-- EXCERPTED DATA follows --

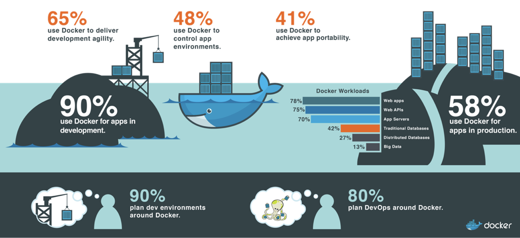 2016년 설문조사에서 90%가 개발에 사용중이고 80%가 DevOps에 사용할 예정이며 58%가 운영환경에서 사용중이라고 합니다. 2014년 도커 서울 밋업을 시작할 때만 해도 대부분의 사람들이 도커를 잘 모르고 개념도 이해하지 못했는데 이제는 거의 모르는 사람이 없을 정도로 널리 쓰이고 있습니다.
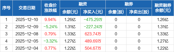 财信发展:融资净偿还475.29万元,融资余额1.26亿元(12-10)
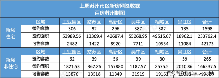 新房非住宅共网签265套;工业园区62套;姑苏区39套;高新区56套;吴中区39套;相城区30套;吴江区39套;
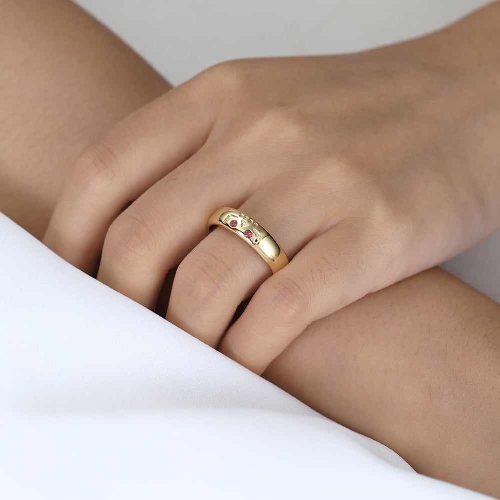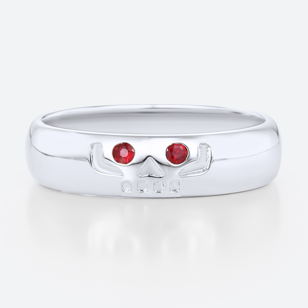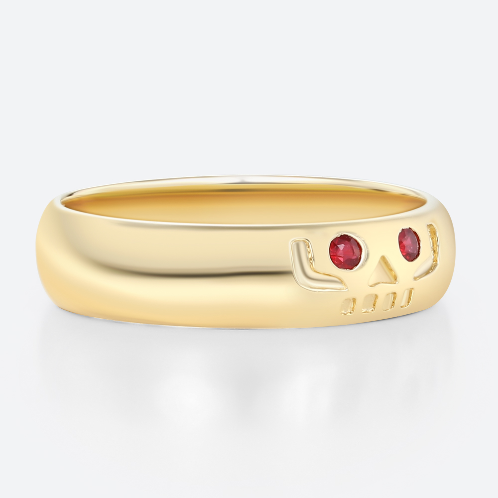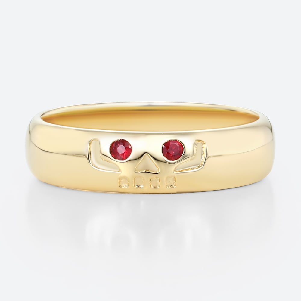 Round Cut Ruby-Eyed Wide Band Ring with Engraved Skull Design in Yellow Gold
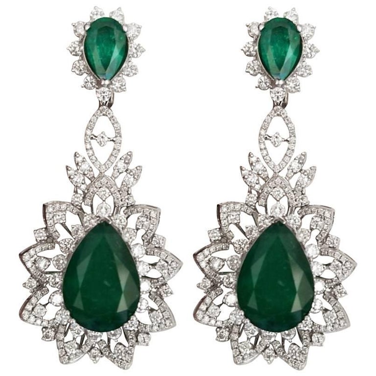 Emerald pear earrings clearance, Barmakian | Pear Shape Emerald and Diamond Drop Earrings | Barmakian Jewelers clearance
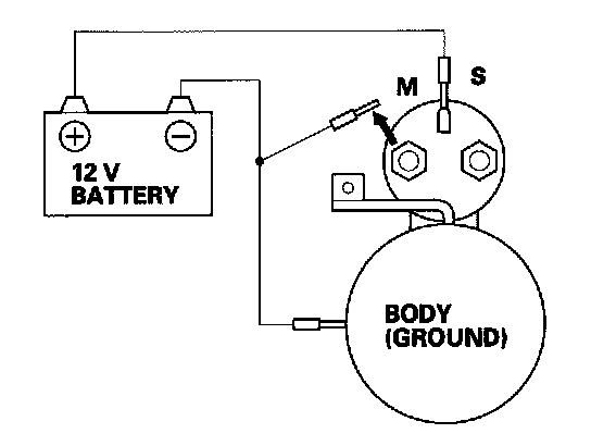 4. Disconnect the battery from the M terminal. If the pinion does not retract, the hold-in coil of the solenoid is working properly.
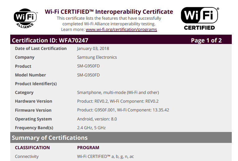 Las variantes Global, Europea, Asiática y Coreana de los Galaxy S8 recientemente han sido vistas en el sitio de la Wi-Fi Alliance, lo que significa que Android Oreo para estos dispositivos ya cuentan con su certificación Wi-Fi. Esta es la lista de todos los modelos que fueron certificados:
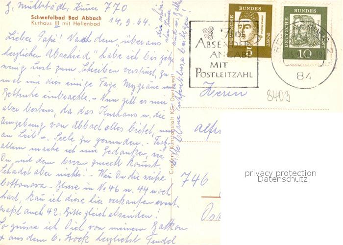 73165674 alte Postkarte Bad Abbach Kurhaus III mit Hallenbad postalisch gelaufen Erhaltung siehe scans [WerneD78] KatCode: 11110009273116
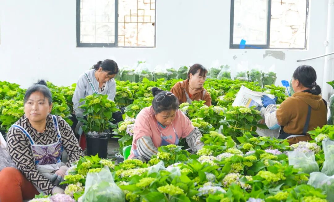 绣球花产业的繁荣,还带动了当地村民增收致富。村民在景区内从事养护、打包、种苗等工作,平均每天都有200人在各区域工作。
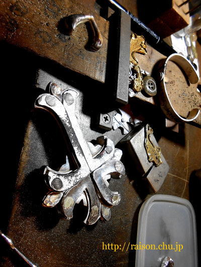 JUGEMテーマ:ジュエリー・アクセサリーの修理&カスタムリフォーム そろそろ何とか仕上げます、とてつもない重さのクロスカスタム。 裏抜きをそれ用に作ったシルバーパーツで埋め、ふたつを背中合わせにしてひとつのクロスに。凄い重さと大きさです。 ロウ付けなどきちんとするのが難しいものなので、どうしたら問題なく完成させられるか? しばらく悩んでいましたが、やはり答えはシンプルでした。 ここさえ越えればもうできたも同然てとこにいますので、頑張ります。 公式HP 『レゾンデートル』 オンラインショッ...
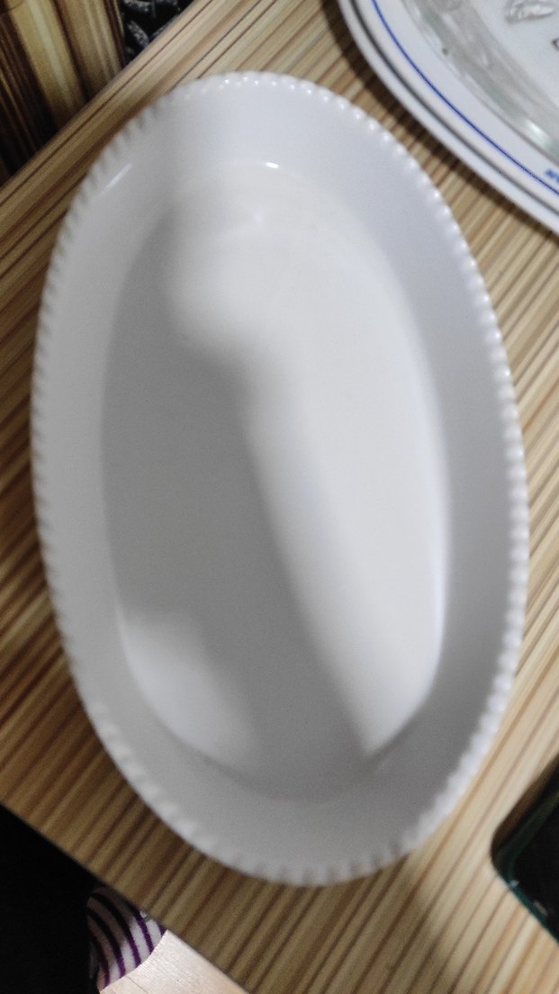 Parlak beyaz renkte, kenarı desenli oval tabak, yemek servisi için uygundur. ️
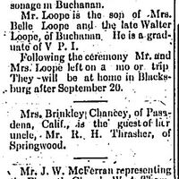 Following the ceremony Mr. and Mrs. Loope left on a mo[t]or trip. They will be at home in Blacksburg after September 20.
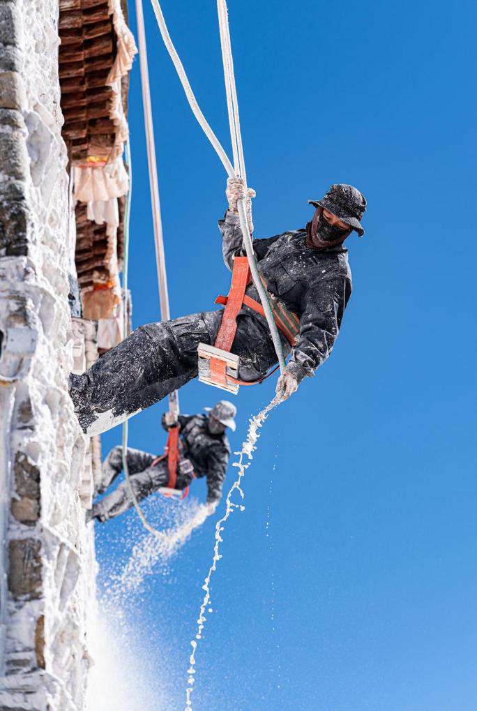 Workers paint the wall of the Potala Palace during an annual renovation of the ancient architectural complex in Lhasa, southwest China's Xizang Autonomous Region, Oct. 29, 2024. (Xinhua/Jigme Dorje)
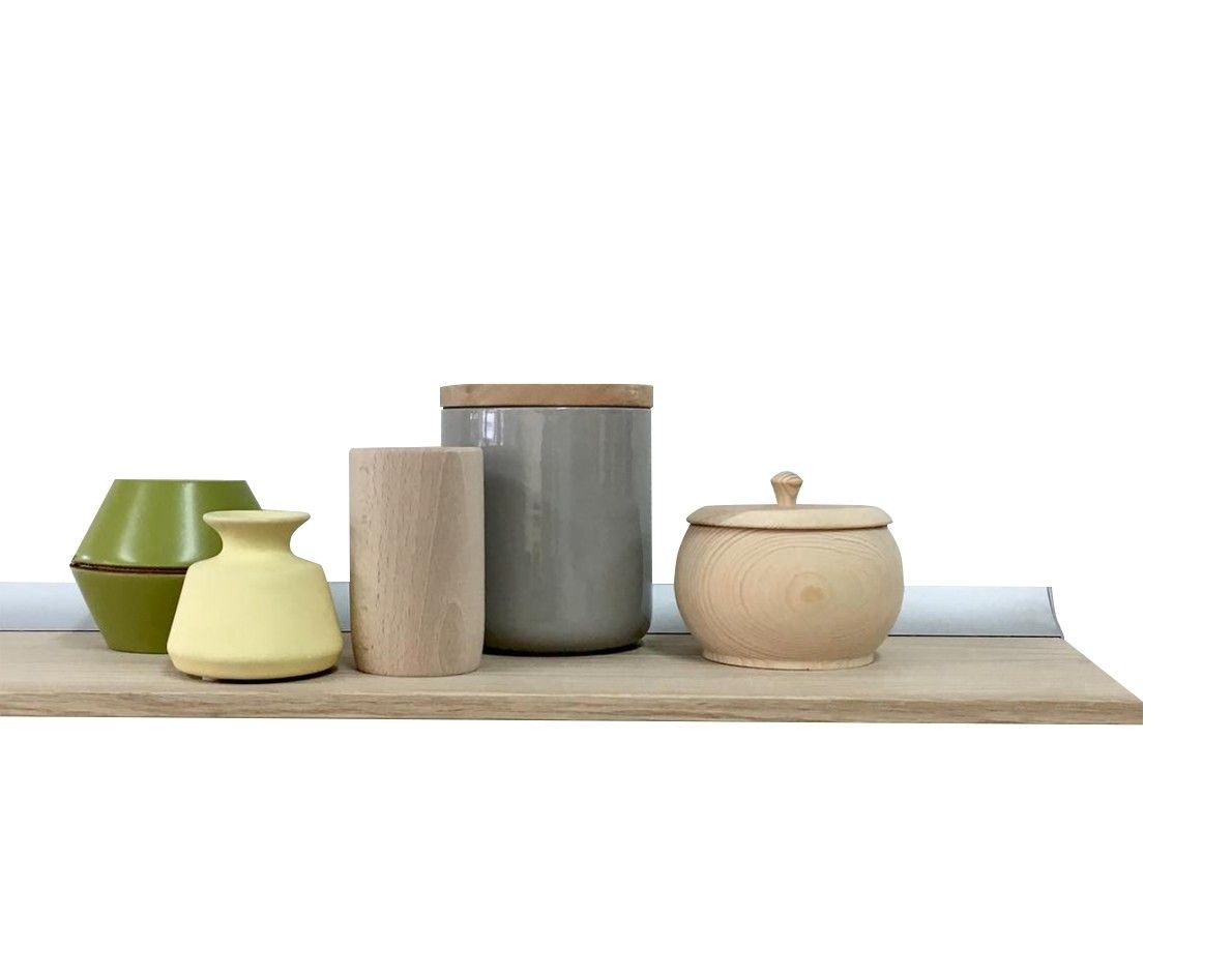 Kort vegghylle med aluminium opphengslist.

-- EXCERPTED DATA concluded --

WORK INSTRUCTIONS ::
Please copy exactly the lines from the one containing "4. Disconnect the" through the end of the records above, leaving out every picture.

EXERCISE RESPONSE ::
 4. Disconnect the battery from the M terminal. If the pinion does not retract, the hold-in coil of the solenoid is working properly.
 Las variantes Global, Europea, Asiática y Coreana de los Galaxy S8 recientemente han sido vistas en el sitio de la Wi-Fi Alliance, lo que significa que Android Oreo para estos dispositivos ya cuentan con su certificación Wi-Fi. Esta es la lista de todos los modelos que fueron certificados:
 73165674 alte Postkarte Bad Abbach Kurhaus III mit Hallenbad postalisch gelaufen Erhaltung siehe scans [WerneD78] KatCode: 11110009273116
 绣球花产业的繁荣,还带动了当地村民增收致富。村民在景区内从事养护、打包、种苗等工作,平均每天都有200人在各区域工作。
 JUGEMテーマ:ジュエリー・アクセサリーの修理&カスタムリフォーム そろそろ何とか仕上げます、とてつもない重さのクロスカスタム。 裏抜きをそれ用に作ったシルバーパーツで埋め、ふたつを背中合わせにしてひとつのクロスに。凄い重さと大きさです。 ロウ付けなどきちんとするのが難しいものなので、どうしたら問題なく完成させられるか? しばらく悩んでいましたが、やはり答えはシンプルでした。 ここさえ越えればもうできたも同然てとこにいますので、頑張ります。 公式HP 『レゾンデートル』 オンラインショッ...
 Parlak beyaz renkte, kenarı desenli oval tabak, yemek servisi için uygundur. ️
 Following the ceremony Mr. and Mrs. Loope left on a mo[t]or trip. They will be at home in Blacksburg after September 20.
 Workers paint the wall of the Potala Palace during an annual renovation of the ancient architectural complex in Lhasa, southwest China's Xizang Autonomous Region, Oct. 29, 2024. (Xinhua/Jigme Dorje)
 Kort vegghylle med aluminium opphengslist.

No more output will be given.